J Initiative collaborates with​ World Vision to ensure child’s ​safety online

​Parents have been challenged to gain awareness about the potential benefits as well as the risks involved in the use of internet by children and youth to enable them provide strategies to safeguard the children within the cyber space.​

An increasing number of young people are said to be viewing inappropriate materials on the internet. According to reports, about 81% of children aged 14-16 have viewed adult material online.

In Ghana today, there is easy and continuous access to the internet as it provides tremendous opportunities for adolescents’ socialization. It allows them to connect with their peers as well as with complete strangers from across the world.

Since this clearly influence the social life of the young person​, J Initiative (JI) , a grassroots youth and family-focused NGO, is collaborating with​ World Vision Ghana ​ to advocate for the need to ensure that children in Ghana are protected from the negative effects of the internet.
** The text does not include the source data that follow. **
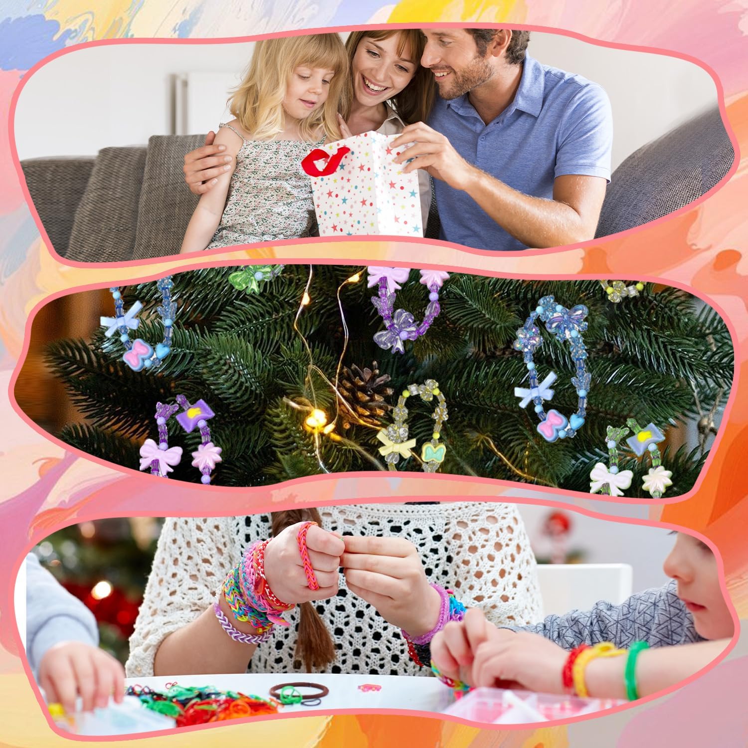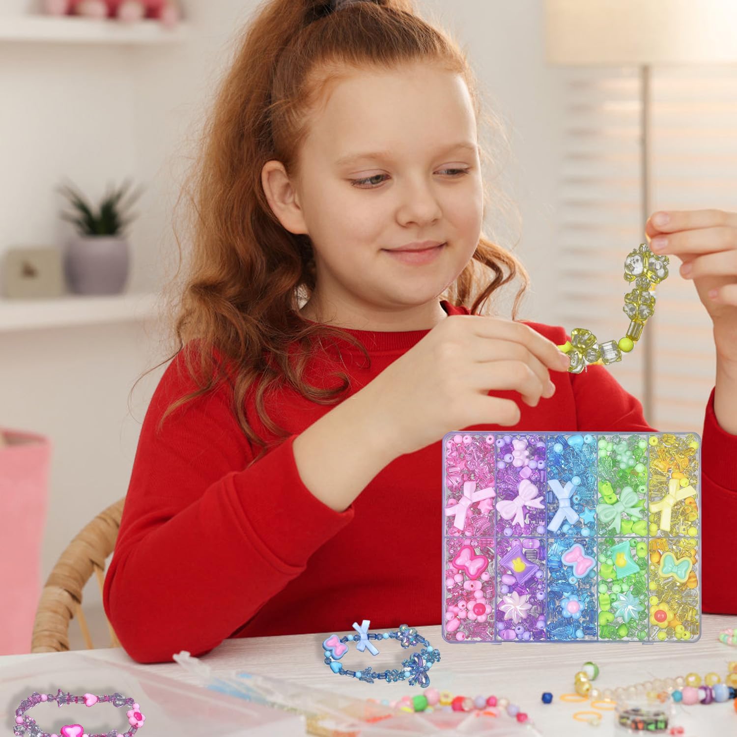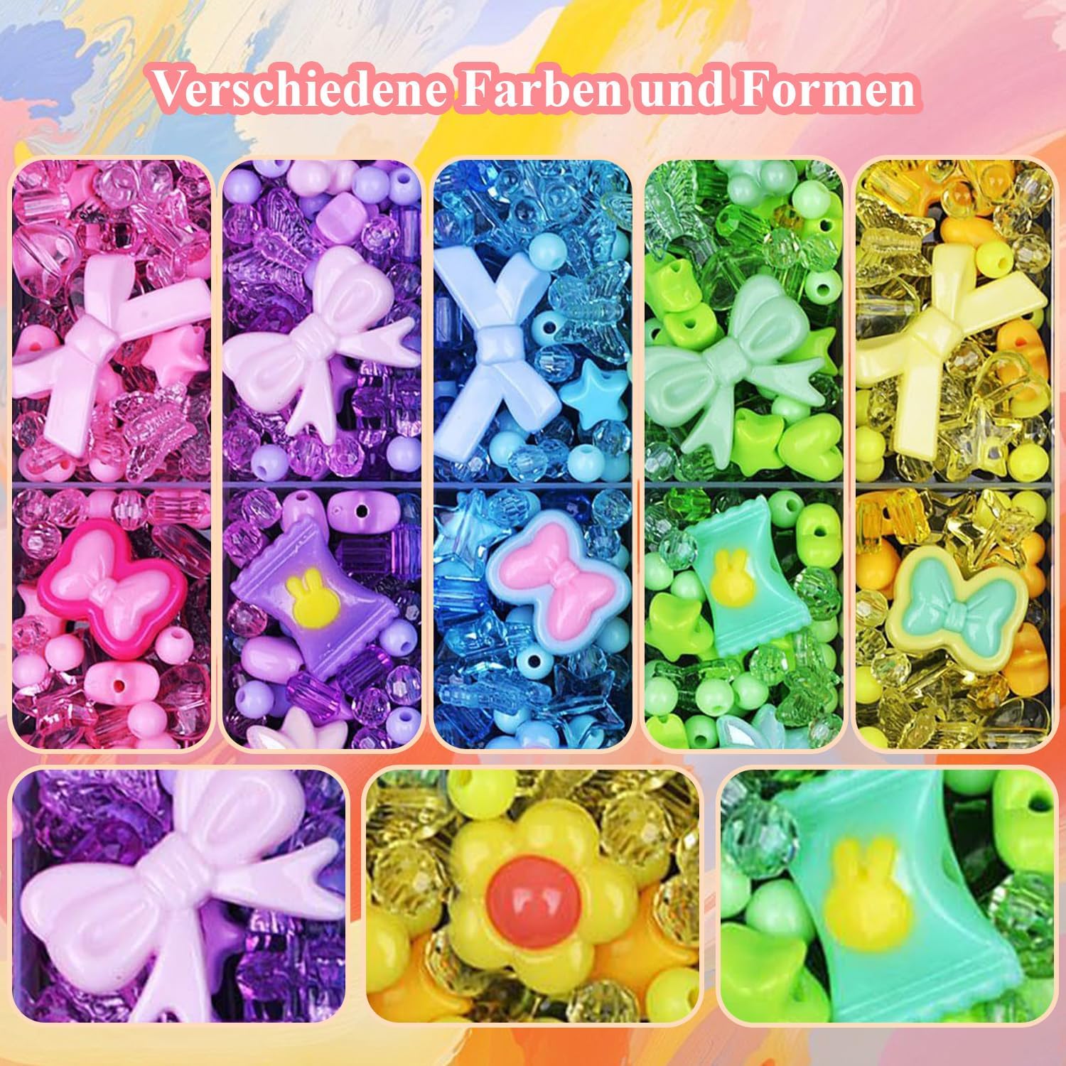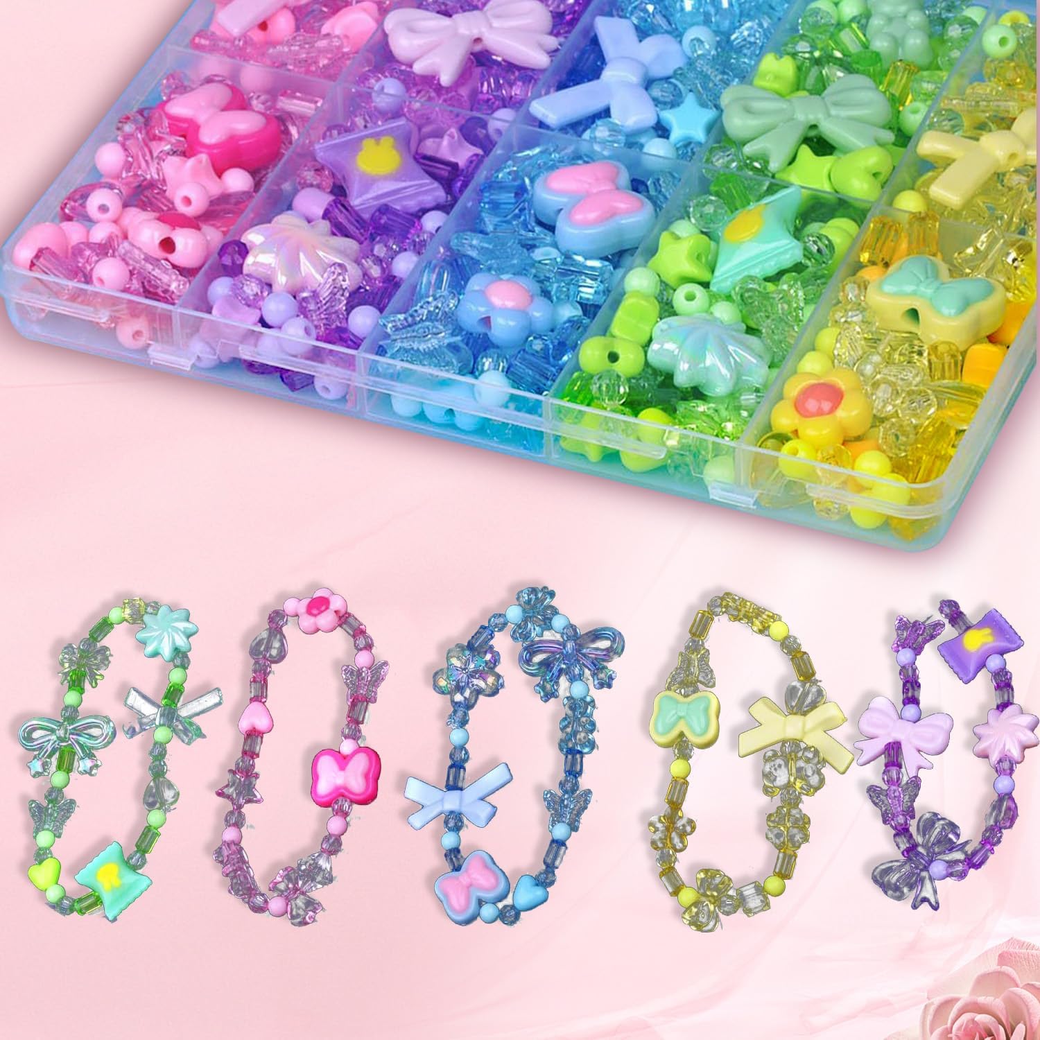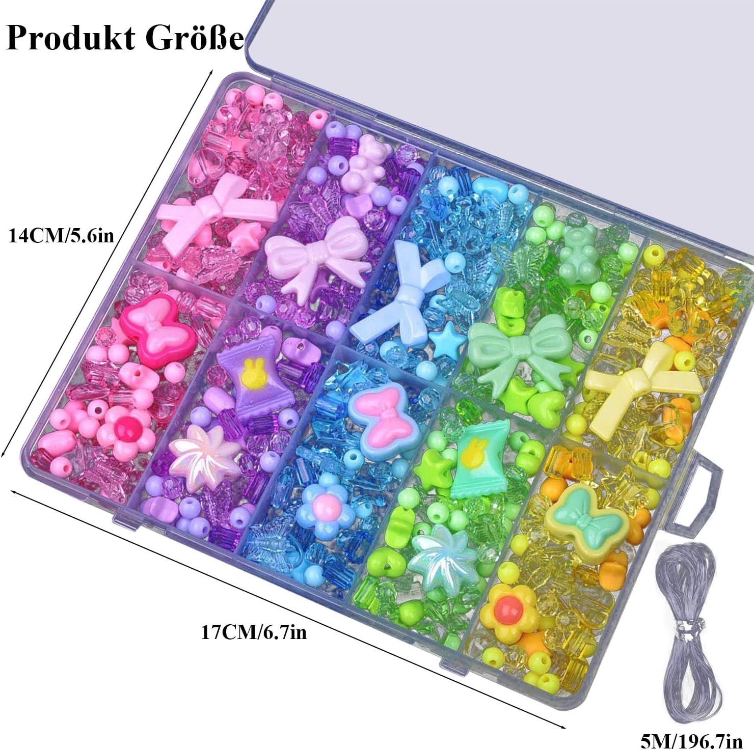 Contenuto della confezione: la confezione contiene 300-500 perline acriliche in cinque colori e 5 metri di corda di cristallo trasparente. Confezionato in una scatola trasparente da 14 x 17 cm. Le dimensioni sono squisite, e il set di perline per braccialetti per bambini può essere immediatamente smontato e utilizzato, ideale per gioielli fai da te e ragazze. Materiale del prodotto: il set di perline è realizzato in acrilico di alta qualità. La superficie della perla è liscia e non sbiadisce. Le perline da stirare hanno un colore uniforme, sono infrangibili e resistenti all'usura, sicure e non tossiche. Il set di perle per bambini è adatto a bambini dai 4 anni in su e deve essere utilizzato in modo sicuro sotto la supervisione dei genitori. Funzione del prodotto: questo set di perle è adatto per creare bracciali, collane, orecchini e portachiavi per bambini. Le perline glitterate per infilare le perline sono compatibili con lacci elastici. Migliora la coordinazione occhio-mano dei bambini e stimola la creatività del braccialetto fai da te. Diversi modelli: il set di braccialetti di perle è composto da diversi colori e forme, tra cui fiocchi, caramelle, fiori, orsi e altri stili. Il set di perline contiene accessori come corde di cristallo trasparenti. Ha scomparti separati per la conservazione. Il set di perline è facile da usare e offre perline per infilare i bambini. Versatile: il prodotto è adatto per collane fai da te per bambini, accessori per capelli e decorazioni natalizie. Il set di perle per bambini a partire dai 4 anni è la prima scelta per genitori e bambini. È adatto anche per regali fatti a mano per amici, Natale, compleanni e altre decorazioni natalizie ed è un'alternativa al set fai da te a sirena.
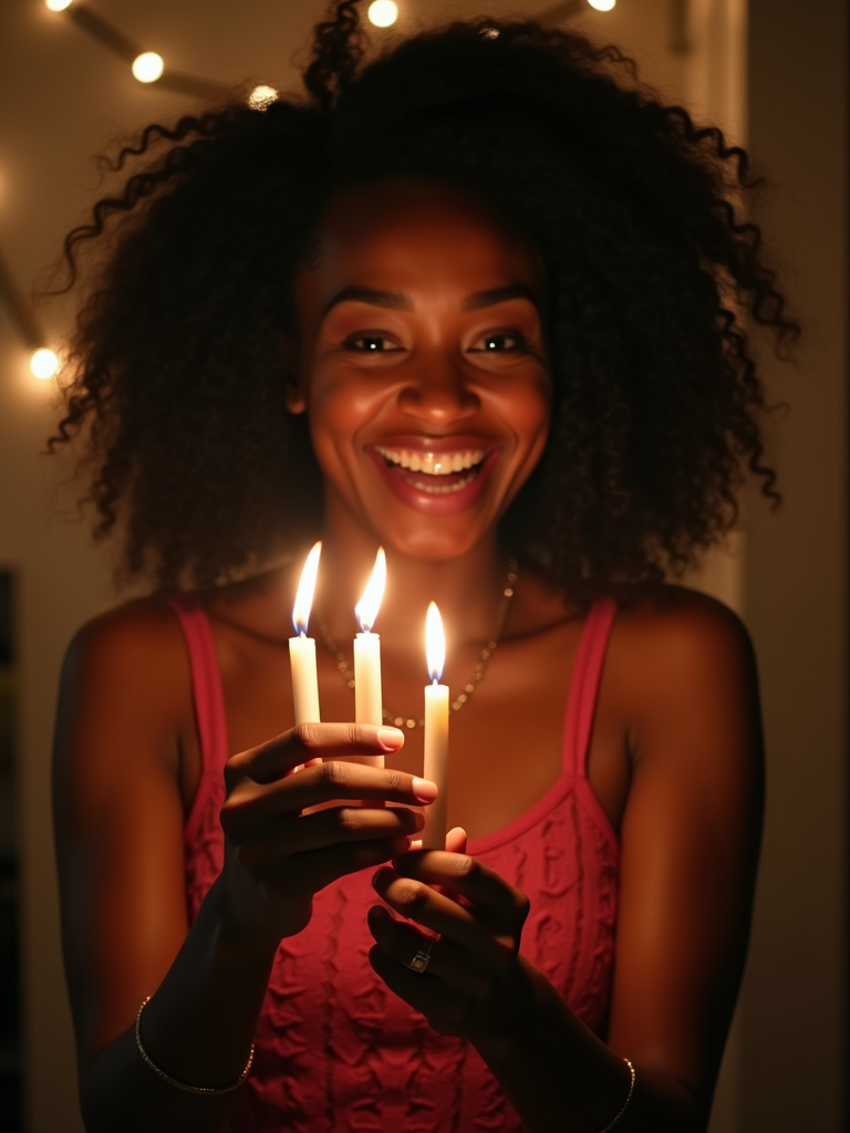 a model enjoying the Hanukkah atmosphere, with hands lighting the shamash candle , radiating happiness and spiritual connection
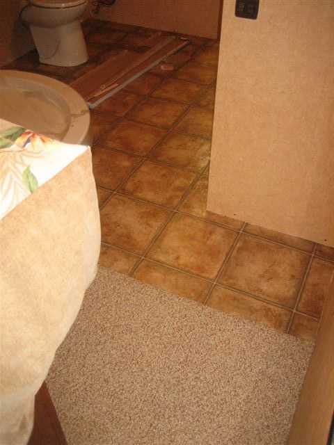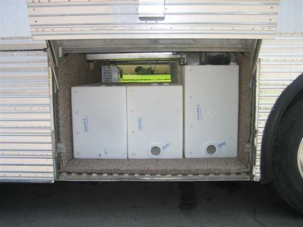 В ванной комнате оборудован не только умывальник, но и душ. До мелочей продумана здесь система слива. Как душ, так и напольное покрытие имеют дренажный слой. Попавшая туда вода стекает в резервуар, размещенный под колесом.
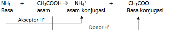 Pada reaksi NH3 + CH3COOH NH4+ + CH3COO-, pasangan asam – basa konjugasi yang benar adalah....
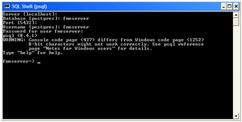 - Quit psql and log on as the FME Flow database user.
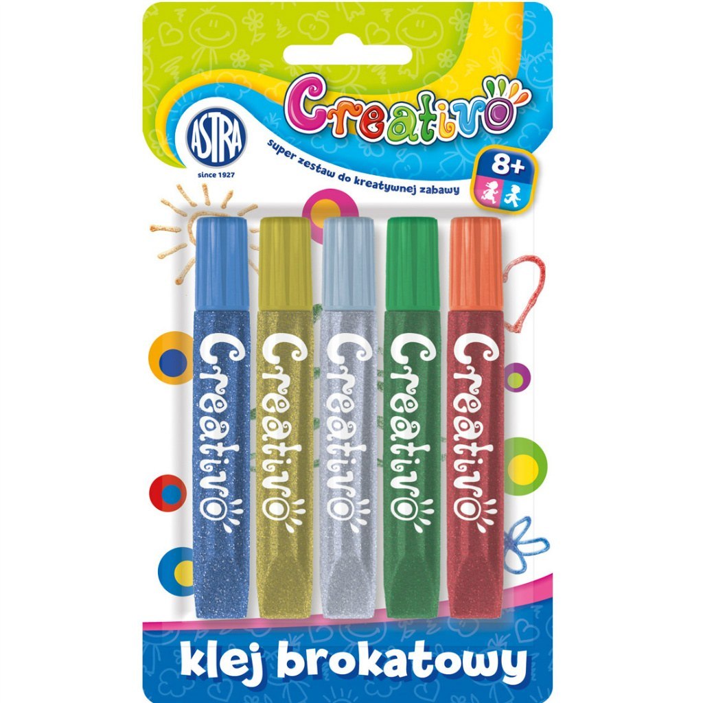 Przeznaczony jest do zdobienia rysunków, malowideł oraz ozdobnego pisania. Można nim również dekorować przedmioty wykonane z gliny, masy solnej itp., mix 5 kolorów
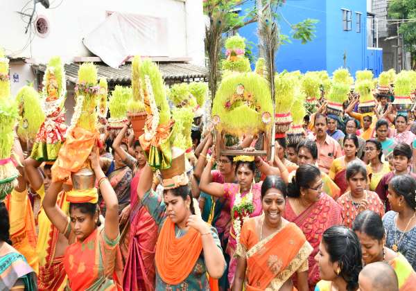 திருப்பூர், கொடிக்கம்பம் மூர்த்தி நகர் முத்துமாரியம்மன் கோயில் பூச்சாட்டு பொங்கல் விழாவில் முளைப்பாரி ஊர்வலம் நடந்தது.
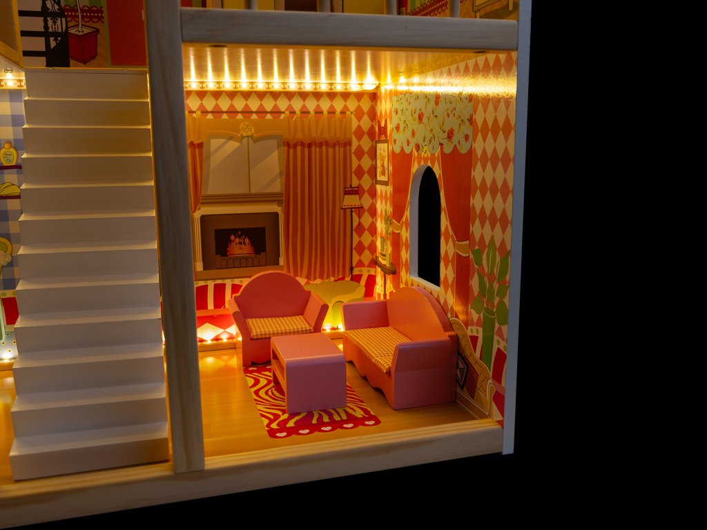 - Bohaté interiéry: Tři patra plná barevných místností – ložnice, kuchyň, koupelna, obývací pokoj, jídelna a balkon. Děti si mohou samy zařídit interiéry, rozvíjet kreativitu a estetické cítění.
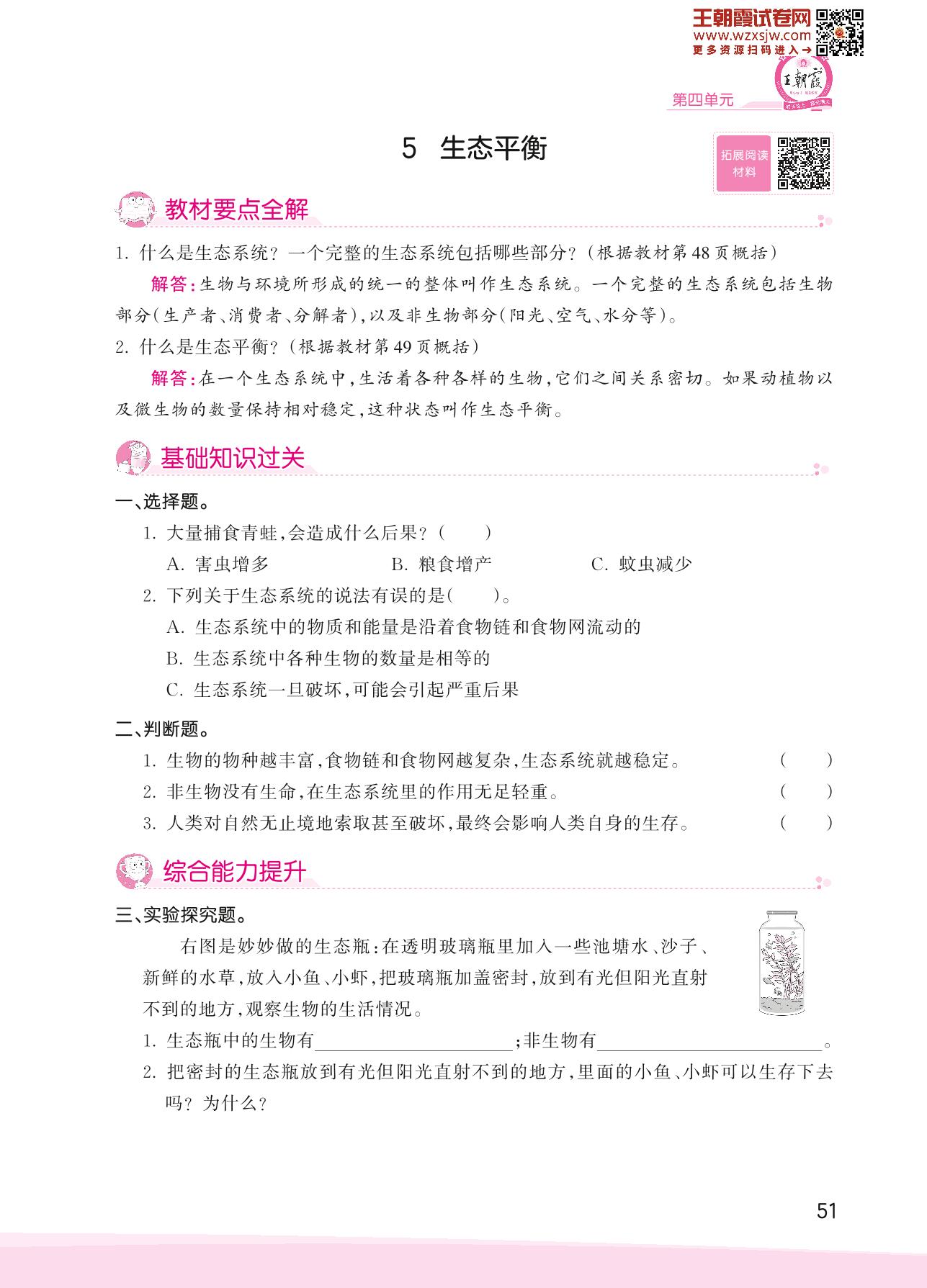 2023下册五年级科学大象版 第四单元 食物与能量——5 生态平衡
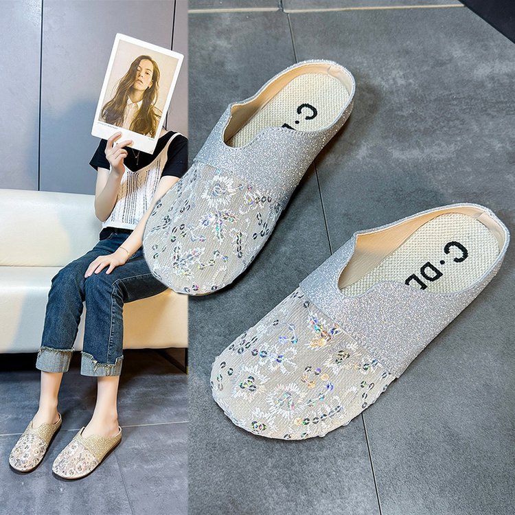2024新型春夏ファッション外着包頭レジャーネット面平底無かかと怠け者平とサンダル

At a stakeholders roundtable meeting under the theme ‘Online Safety of Ghanaian Children (Before Digital Migration)”, the stakeholders agreed to adopt the World Vision’s keeping children safe online (KCSO) tool kit to reach out to policy makers and other stakeholders

Keeping Children Safe Online is an interactive child friendly tool designed and developed for World Vision. It targets children aged 7-13 years and youth 13-18 years. The tool was developed with full child participation in designing the characters, voice over and content. KCSO interactive tool was originally developed in Cyprus and has now been used in 5 countries to date with high success rates for educating children, parents and teachers on how children can stay safe online.

 The stakeholders who participated in the discussions have​ also agreed on a couple of actions​ for the way forward, which included:​

To share the WVI (World Vision International) child online safety kit in order to seek further inputs from other stakeholders.

To edit the tool kit to make the content locally relevant (should be made available in local languages)

Tool  kit must be online and accessible to all
 Work together with other civil authorities to promote and educate parents.

The tool should be edited to suit the peculiar needs and challenges of children in Ghana.

Speaking to the Executive Director of J Initiative, Awo Aidam Amenyah after the program, she noted that: “The children we seek to protect are much more advanced and smart in their use of the internet and cutting them totally off from the use of the internet leads them into finding other means of getting information and it is becoming much easier when most devices we use nowadays are internet enabled”.

She therefore advised parents to “become friends with our children to make them confide in us, and then we can redirect them to the proper use of the internet. We must try to get a fair idea of the social media platforms available and how to maximize its use.”

It was regretted that even when countries with policies in place to check internet use by children are still battling with the adverse effects of the internet on children, Ghana has yet to implement policies on child safety online.